Most of the unsupervised learning techniques are a form of cluster analysis where data is grouped based on some shared or similar characteristics. This type of learning will sort the data into groups that are in some form similar.
Neural Network Machine Learning
A key component of machine learning is neural networks, a decision-making engine consisting of numerous simple elements which process information using dynamic state responses.
“Neural networks are one of the most beautiful programming paradigms ever invented,” says scientist and programmer Michael Nielson, author of the book Neural Networks and Deep Learning. Neural networks are inspired by the architecture of the brain and make it possible for the computer to learn from observational data using deep learning.
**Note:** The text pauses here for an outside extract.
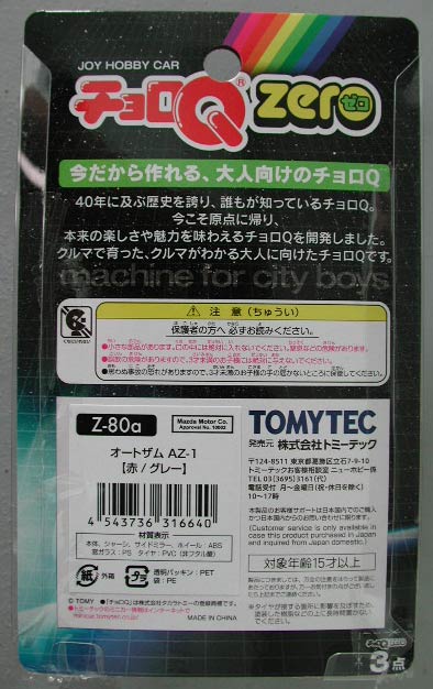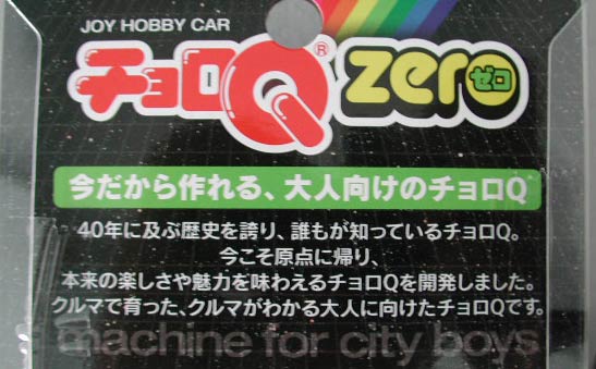 裏面。大人向けチョロQがコンセプトである、チョロQzero。2022年頃からは、スーパーカーを中心にラインナップ化されてきた。
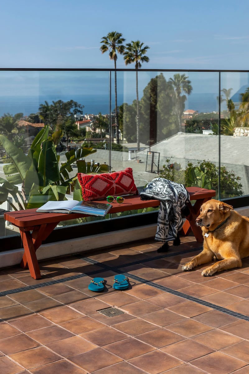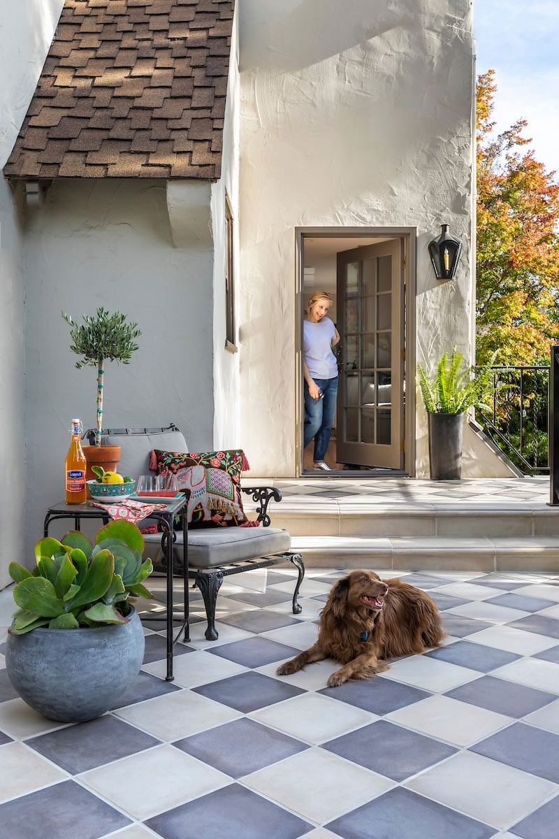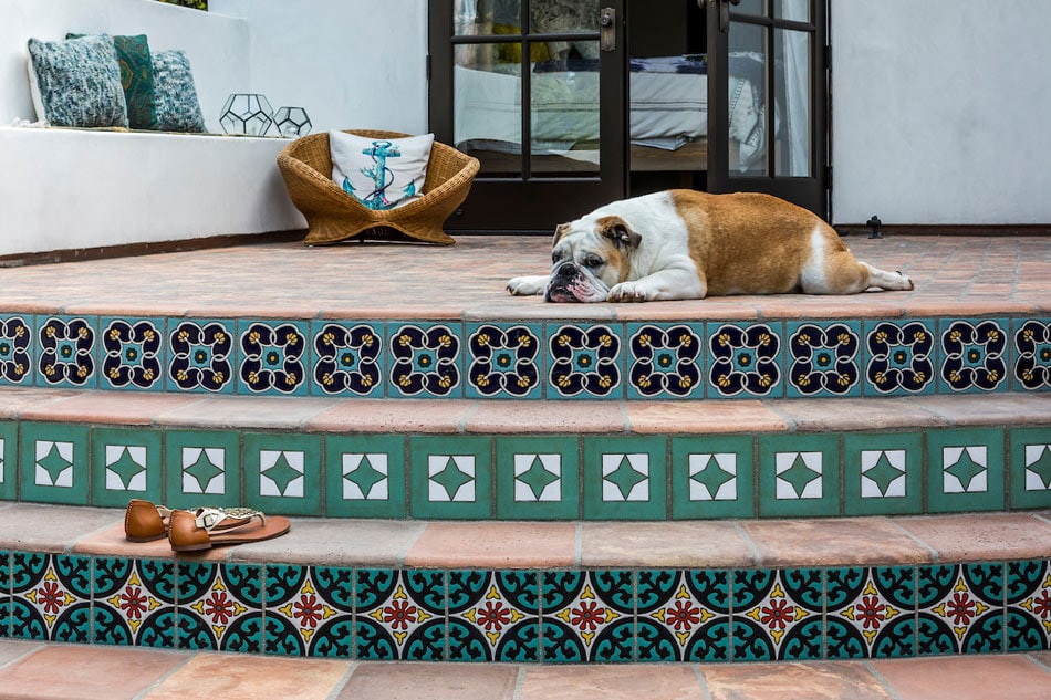 Outdoor patio stairs get a striking upgrade with patterned tile, chic in shades of green, black, and red. It’s an ideal pairing with light terracotta-look floor tile, matte and warm under the open sky. Meanwhile, Margo cools her belly in bliss.

“Until 2006, we didn’t know how to train neural networks to surpass more traditional approaches, except for a few specialized problems,” Nielson says. “What changed was the discovery of techniques for learning in so-called deep neural networks. Today, deep neural networks and deep learning achieve outstanding performance on many important problems in computer vision, speech recognition, and natural language processing.”
Neural networks use a set of equations to process input data and produce some form of analysis or judgement. They can incorporate training data – used to check whether the program is successful – as well as input data that describes the intended behavior of a system. And the analysis of that data improves slowly over time as it adjusts the parameters of the network.
Open Source Libraries
Developers use models built with open-source software libraries for dataflow programming across a range of tasks, including Tensorflow, Torch and Caffe. Tensorflow was developed for internal use by the Google Brain team but opened up generally for developers in late 2015; Torch is based on the Lua programming language; and Caffe, which stands for Convolutional Architecture for Fast Feature Embedding, was originally developed by the University of California, Berkeley; it is written in C++ and uses a Python interface.
In recent years, Python has become the language of choice for machine learning, particularly for developers with a computer science background, and has increased in popularity over Java, which formerly was nearly as popular and continues to benefit from the availability of open source material with Java application programming interfaces. R remains the third most-popular language but its take-up has been expanding rapidly, and it appears poised to overtake Java while other language options include C++ and newcomers Scala and Julia.
The fundamental goal of machine learning is to generalize beyond the examples in the training set. One of the common mistakes in machine learning is testing the program on training data that can give an unrealistic sense of success. If done improperly, the result can be no more precise than guesswork. A simple solution is to set some data aside from the beginning and only use it to test a chosen classifier – an algorithm that implements classification – in the final stage.
With machine learning one of the fastest growing fields in the technology world, the number of jobs opening up for experienced developers is mushrooming. Machine learning is revolutionizing ecommerce and IT as companies like Google, Tinder, Google Maps, Snapchat, OvalMoney and Netflix all use machine learning as part of their services to make the best possible judgement about what their clients may want to buy, watch, do or say next, and as the technology becomes more sophisticated, investment in the field and in data science as a whole, as well as in big data, is set to accelerate in the years to come.